Silly, I know, but whenever I try something new, there is a deep-rooted tendency to think that I'm gonna do it like it's never been done before. Were Wikipedia to have an entry for "happy, ignorant enthusiasm", I imagine my picture would be there, or there would at least be a link to my website as an archetypal example. Ridiculous.
|based on Hersey & Blanchard, whoever the hell they are|
Is this a dagger I see before me?
No!
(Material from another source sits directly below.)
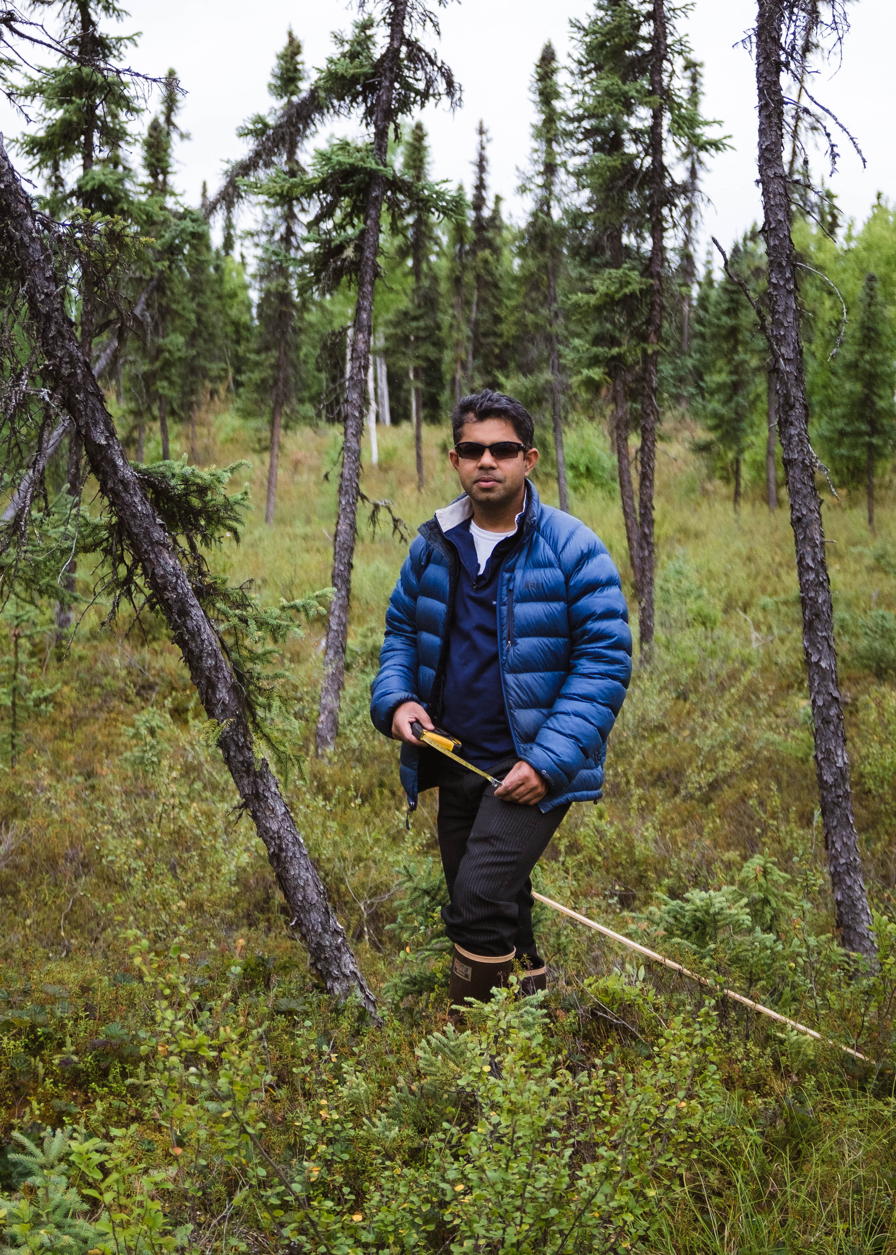 Santosh Panda stands near one of the permafrost monitoring stations. Nikolai, Alaska.

It's a wikipedia article about "happy, ignorant enthusiasm"! It doesn't have my picture, though, but it does have a very clear description of me and others like me.
It turns out, EVERYBODY starts out as happy, ignorant and enthusiastic, because they have no idea of the complexity of the thing they want to accomplish, be it writing great fiction, making really cool videos, sinking a free throw or anything else. On the chart to the right (click to zoom), that would be a D1 - high enthusiasm, low competence, and without a single fracking clue what they are letting themselves in for.
Of course, as soon as you start to do it (whatever "it" is), you have a better understanding of the process, and a much better understanding if you make a deliberate effort at studying how it's done. This can be self-guided study or as part of a formal degree program or course of instruction. Either way, it doesn't take long until you realize that, "hey, this thing I love and want to do a lot of? It's actually pretty damn difficult". Hence the stereotype of the bitter graduate student, a classic D2. You now understand the problem; you just lack the skills to solve them. "Enthusiasm? What's that? Oh, yeah, I remember being happy... once."
The next step is where things start to get better. You spend that first thousand hours practicing, you write your first million words, you finish your MFA program. The toolbox is getting filled and, more importantly, your soul is getting slowly filled with the record of accomplishments. Minor ones at first, then more important ones. The other favored analogy is that the scar tissue and calluses are getting thicker and thicker. One day, you think, "I can do this. I really can." It's still not automatic, nothing approaching the effortless grace and ability of the leaders of your field, but you can do it. This would be D3, where skills are high, confidence is good, enthusiasm is on the rise.
Nirvana awaits at D4. This is where you are the complete package. You not only have the skills to deliver the goods, you have confidence in your craft and your voice. The guys down at the D3 level want to be you. The guys at the D2 level fear they never will be, and come to you asking for advice. The guys down at the D1 level think they already are as good as you, and just haven't been discovered yet. Pity the poor D1s for their ignorance, but do not despise us. (Er, I mean, them.)
Then, just as you are a wonderfully competent and accomplished individual, you decide to undertake a new project. A D4 writer of short stories, you decide to write a novel. Guess what? You're back to D1 and you have to start the process all over again. Why?
Because writing a novel is different from writing short stories. Making a video is different, too. Some skills are transferable, but these are different tasks. Depending on the task and your innate proclivities, sometimes you can race through this cycle of learning & development, sometimes it's harder. For each new job, there's a whole new skill set you need to acquire, develop mastery in and develop confidence in.
As a novelist, I'm squarely in D2 at the moment. Sucks to be a D2.